→ **WORK ITEM**: In the records below, find the line with "Figuur 9. Aanplant" and the line with "Foto 7: Susstitución". Print both exactly, along with every line between them, and no other line.
GIVEN DATA: Begin
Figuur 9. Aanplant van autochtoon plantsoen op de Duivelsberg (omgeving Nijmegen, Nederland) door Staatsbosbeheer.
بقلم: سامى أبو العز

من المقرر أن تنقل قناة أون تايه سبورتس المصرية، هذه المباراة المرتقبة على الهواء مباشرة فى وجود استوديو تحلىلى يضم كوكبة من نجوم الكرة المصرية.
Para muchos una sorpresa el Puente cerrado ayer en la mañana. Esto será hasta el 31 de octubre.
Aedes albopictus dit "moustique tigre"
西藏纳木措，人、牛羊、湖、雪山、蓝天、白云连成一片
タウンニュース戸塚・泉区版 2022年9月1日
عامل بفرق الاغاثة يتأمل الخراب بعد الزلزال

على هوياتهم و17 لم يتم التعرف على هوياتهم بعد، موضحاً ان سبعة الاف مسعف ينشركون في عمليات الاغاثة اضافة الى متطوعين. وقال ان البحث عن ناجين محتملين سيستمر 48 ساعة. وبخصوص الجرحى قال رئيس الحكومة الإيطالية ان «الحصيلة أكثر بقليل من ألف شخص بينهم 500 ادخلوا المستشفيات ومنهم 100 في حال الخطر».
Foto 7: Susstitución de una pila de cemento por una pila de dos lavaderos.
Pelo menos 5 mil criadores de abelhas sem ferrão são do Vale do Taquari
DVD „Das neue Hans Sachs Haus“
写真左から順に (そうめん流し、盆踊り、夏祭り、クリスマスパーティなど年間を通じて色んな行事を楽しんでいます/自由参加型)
GIVEN DATA: End
GIVEN DATA: Begin
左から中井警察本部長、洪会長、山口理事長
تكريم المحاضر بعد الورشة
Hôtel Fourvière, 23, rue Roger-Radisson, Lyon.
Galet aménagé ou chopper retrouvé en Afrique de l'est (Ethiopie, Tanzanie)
GIVEN DATA: End
GIVEN DATA: Begin
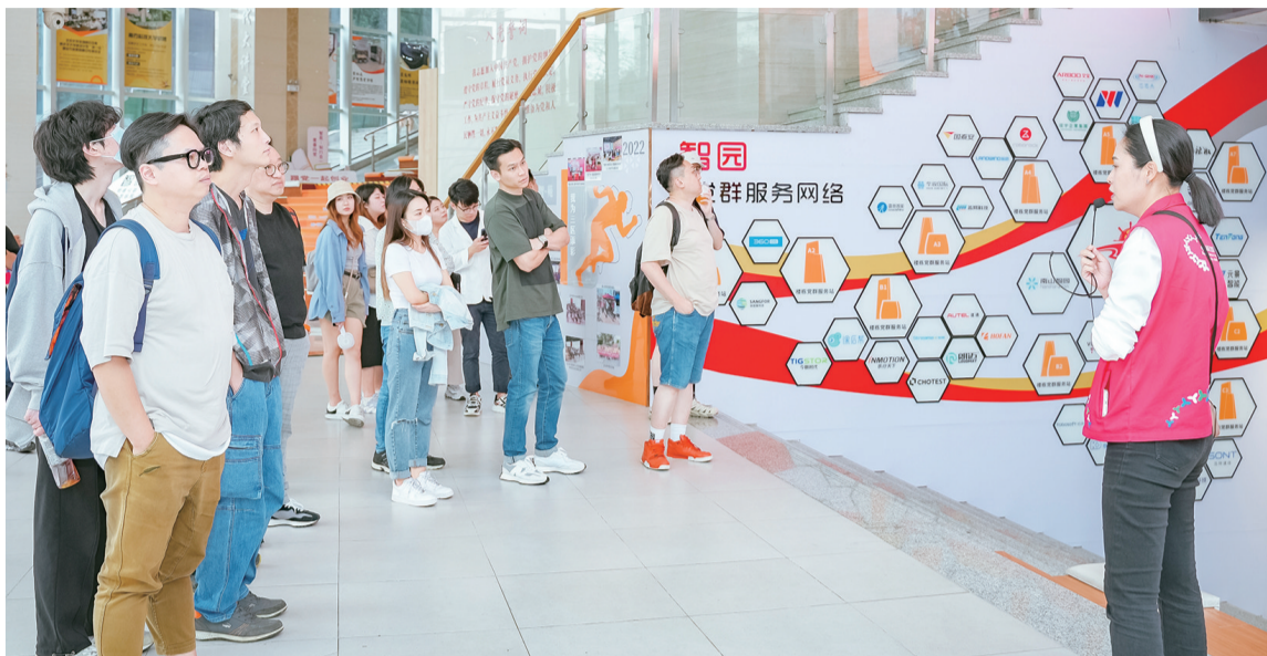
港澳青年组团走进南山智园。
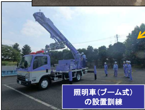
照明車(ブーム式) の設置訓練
GIVEN DATA: End
→ **SOLUTION FOR THIS EXERCISE**:
Figuur 9. Aanplant van autochtoon plantsoen op de Duivelsberg (omgeving Nijmegen, Nederland) door Staatsbosbeheer.
بقلم: سامى أبو العز

من المقرر أن تنقل قناة أون تايه سبورتس المصرية، هذه المباراة المرتقبة على الهواء مباشرة فى وجود استوديو تحلىلى يضم كوكبة من نجوم الكرة المصرية.
Para muchos una sorpresa el Puente cerrado ayer en la mañana. Esto será hasta el 31 de octubre.
Aedes albopictus dit "moustique tigre"
西藏纳木措，人、牛羊、湖、雪山、蓝天、白云连成一片
タウンニュース戸塚・泉区版 2022年9月1日
عامل بفرق الاغاثة يتأمل الخراب بعد الزلزال

على هوياتهم و17 لم يتم التعرف على هوياتهم بعد، موضحاً ان سبعة الاف مسعف ينشركون في عمليات الاغاثة اضافة الى متطوعين. وقال ان البحث عن ناجين محتملين سيستمر 48 ساعة. وبخصوص الجرحى قال رئيس الحكومة الإيطالية ان «الحصيلة أكثر بقليل من ألف شخص بينهم 500 ادخلوا المستشفيات ومنهم 100 في حال الخطر».
Foto 7: Susstitución de una pila de cemento por una pila de dos lavaderos.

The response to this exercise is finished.